■ Exercise aim
Every entry should be reproduced precisely, with each picture left out.

■ Input records
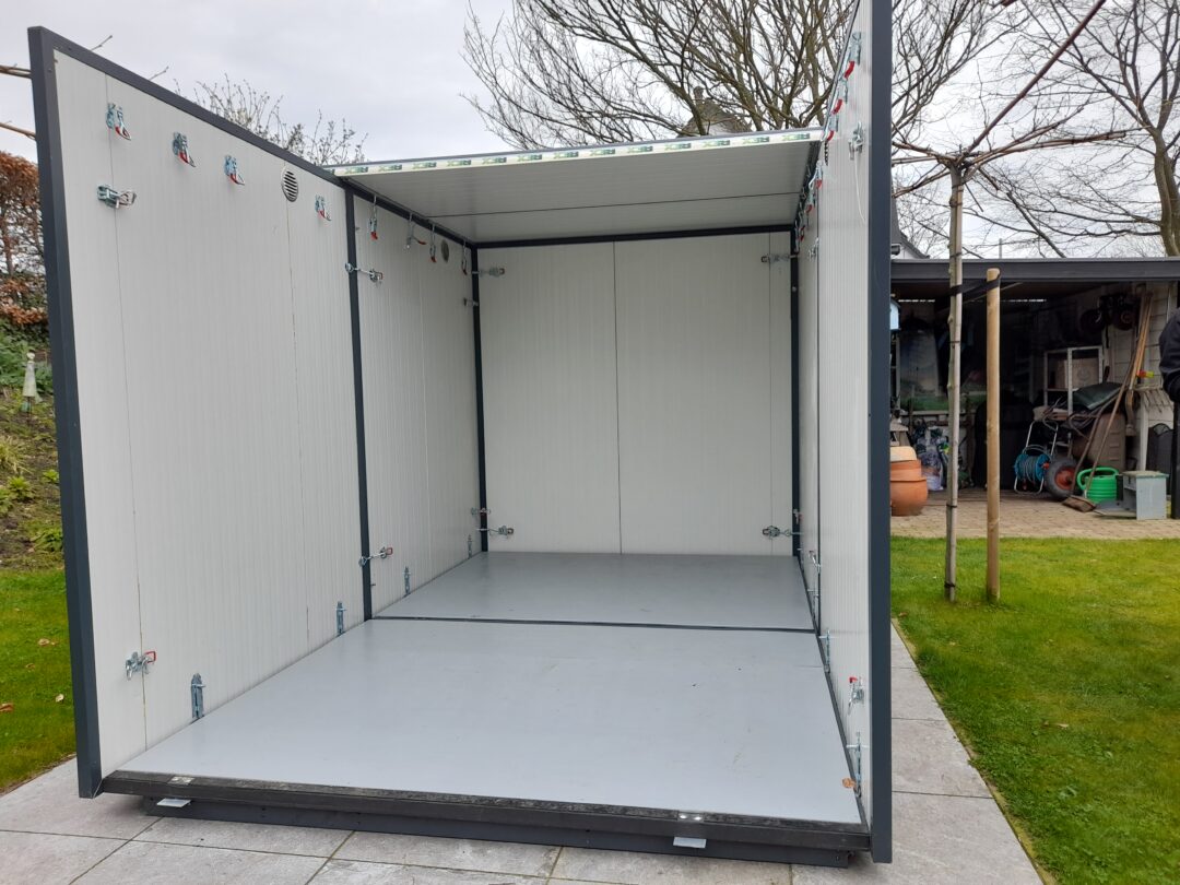 Tijdens een verbouwing of renovatie van je huis kan de thuisbox perfect gebruikt worden voor het veilig opslaan van gereedschap en bouwmaterialen. Ben je je huidige garage of schuur aan het verbouwen? Dan kun je er natuurlijk ook voor kiezen om je fietsen, tuinmeubilair en tuingereedschap erin op te bergen.Ook rondom een verhuizing kan een extra schuur prettig zijn om bijvoorbeeld op je gemak spullen te sorteren en in en uit te pakken. Ga je bijvoorbeeld een nieuwbouwhuis betrekken en is je garage of schuur nog niet klaar of heb je simpelweg wat extra opslag nodig voor gereedschap? De thuisbox is dan de perfecte oplossing. Afhankelijk van het type opslag dat je nodig hebt en de spullen die je opslaat, kan je kiezen voor de reguliere stalen thuisbox of voor de geïsoleerde en geventileerde thuisbox ISO. De verschillen worden hieronder verder toegelicht.
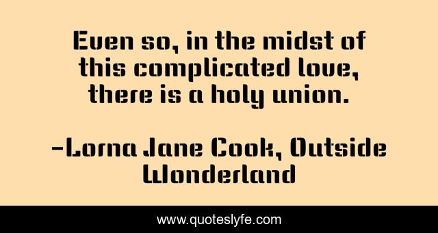 This page presents the quote "Even so, in the midst of this complicated love, there is a holy union.". Author of this quote is Lorna Jane Cook, Outside Wonderland. This quote is about complicated-love, union, love, affection,.
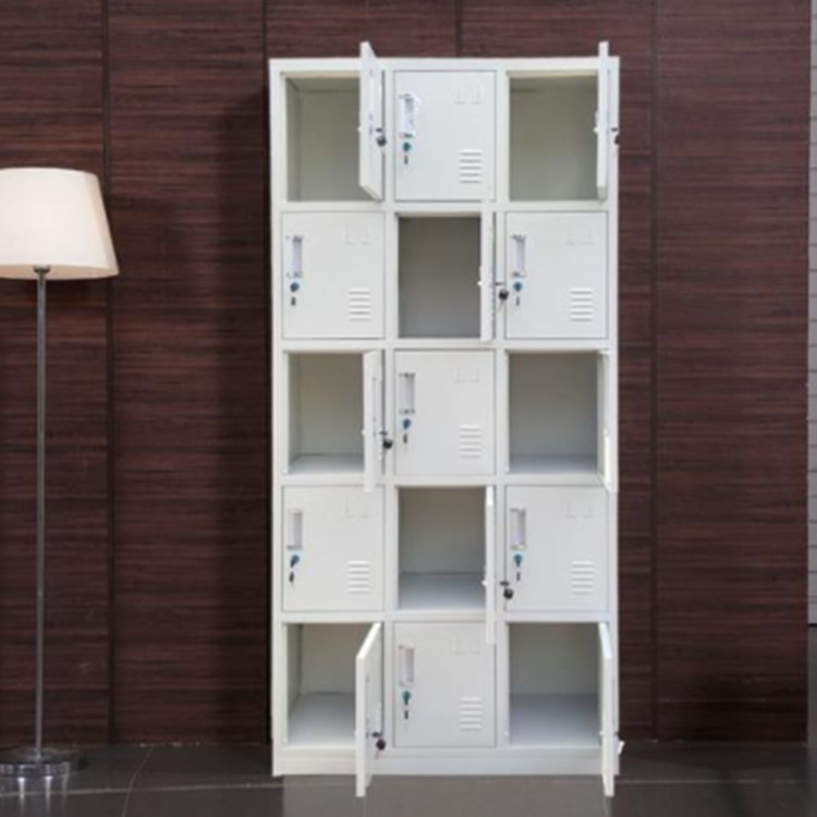 东莞康胜钢制储物柜十五门结构设计耐用厚实不易损坏。
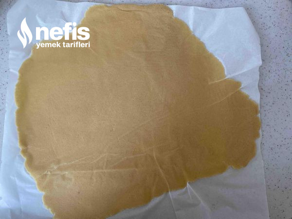 8. Kıtır hamur için materyalleri karıştırıp yağılı kağıdın ortasında ince halde açın ve buzluğa kaldırın.
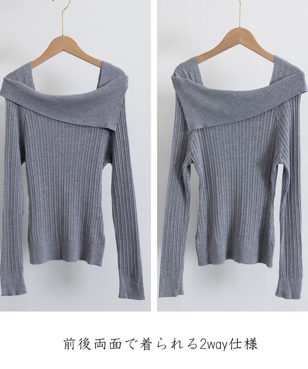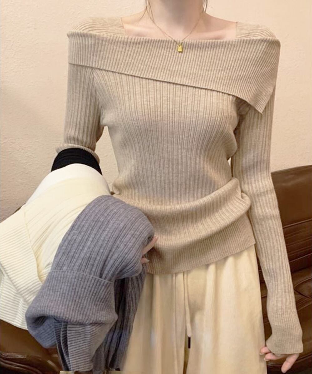 折り返しオフショルダーのデザインが首元を美しく見せ、上品な印象を与えるニットトップス
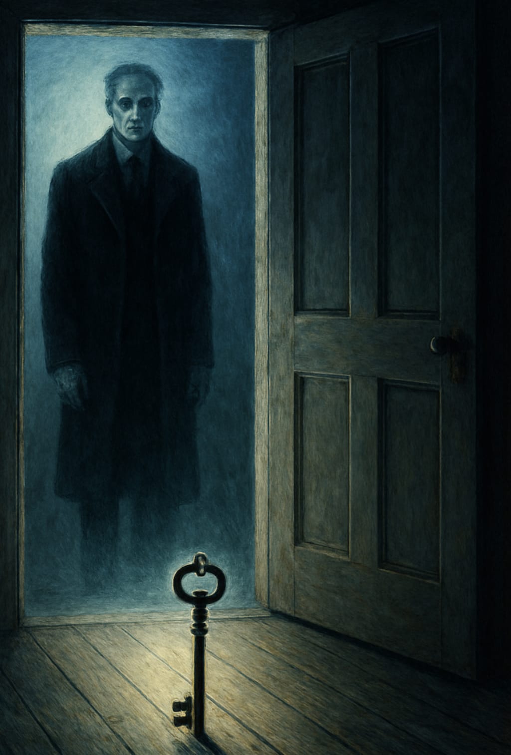 His coat dripping. His hands empty. His eyes not quite human.
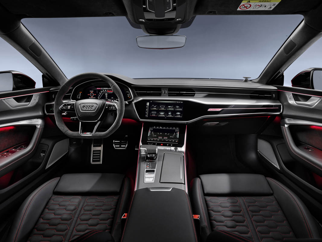 Much like the exterior design of the new Audi RS7 Sportback, the design language in the interior combines taut, sinewy surfaces with clearly defined contours. A stripped-down look with sporty accents are the key stylistic elements in the interior. All the design motifs are logically connected. There is plenty of space for the driver and passenger, with the architecture of the interior accomplishing a seamless transition to the futuristic user interface. From the Audi A7 Sportback, the Audi RS7 Sportback takes on the fully digital operating concept called the MMI touch response, which can be operated intuitively like a smartphone with touch and swipe gestures: two touch displays with haptic and acoustic feedback replace the rotary push-button and many buttons from the previous model.
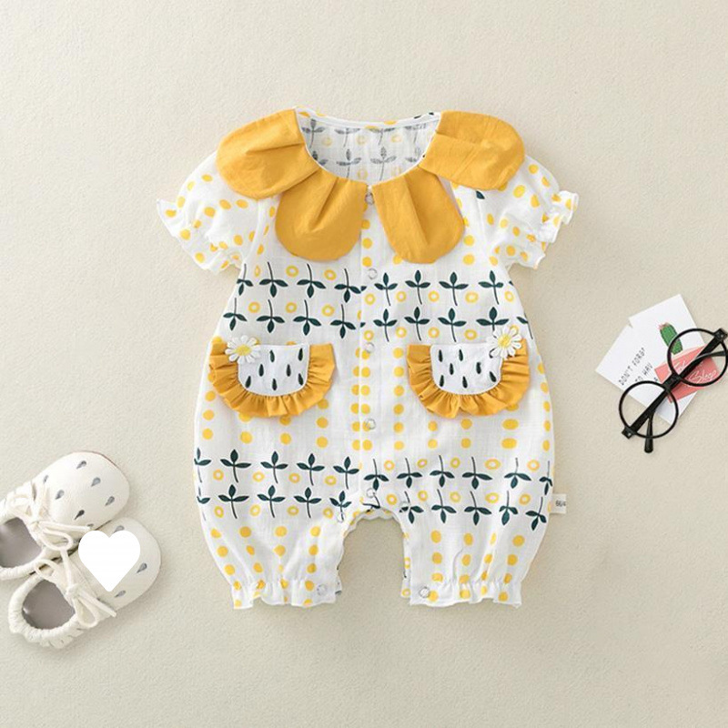 • 옐로우 [작은 꽃주머니 반팔] 점프수트

■ Task answer
 Tijdens een verbouwing of renovatie van je huis kan de thuisbox perfect gebruikt worden voor het veilig opslaan van gereedschap en bouwmaterialen. Ben je je huidige garage of schuur aan het verbouwen? Dan kun je er natuurlijk ook voor kiezen om je fietsen, tuinmeubilair en tuingereedschap erin op te bergen.Ook rondom een verhuizing kan een extra schuur prettig zijn om bijvoorbeeld op je gemak spullen te sorteren en in en uit te pakken. Ga je bijvoorbeeld een nieuwbouwhuis betrekken en is je garage of schuur nog niet klaar of heb je simpelweg wat extra opslag nodig voor gereedschap? De thuisbox is dan de perfecte oplossing. Afhankelijk van het type opslag dat je nodig hebt en de spullen die je opslaat, kan je kiezen voor de reguliere stalen thuisbox of voor de geïsoleerde en geventileerde thuisbox ISO. De verschillen worden hieronder verder toegelicht.
 This page presents the quote "Even so, in the midst of this complicated love, there is a holy union.". Author of this quote is Lorna Jane Cook, Outside Wonderland. This quote is about complicated-love, union, love, affection,.
 东莞康胜钢制储物柜十五门结构设计耐用厚实不易损坏。
 8. Kıtır hamur için materyalleri karıştırıp yağılı kağıdın ortasında ince halde açın ve buzluğa kaldırın.
 折り返しオフショルダーのデザインが首元を美しく見せ、上品な印象を与えるニットトップス
 His coat dripping. His hands empty. His eyes not quite human.
 Much like the exterior design of the new Audi RS7 Sportback, the design language in the interior combines taut, sinewy surfaces with clearly defined contours. A stripped-down look with sporty accents are the key stylistic elements in the interior. All the design motifs are logically connected. There is plenty of space for the driver and passenger, with the architecture of the interior accomplishing a seamless transition to the futuristic user interface. From the Audi A7 Sportback, the Audi RS7 Sportback takes on the fully digital operating concept called the MMI touch response, which can be operated intuitively like a smartphone with touch and swipe gestures: two touch displays with haptic and acoustic feedback replace the rotary push-button and many buttons from the previous model.
 • 옐로우 [작은 꽃주머니 반팔] 점프수트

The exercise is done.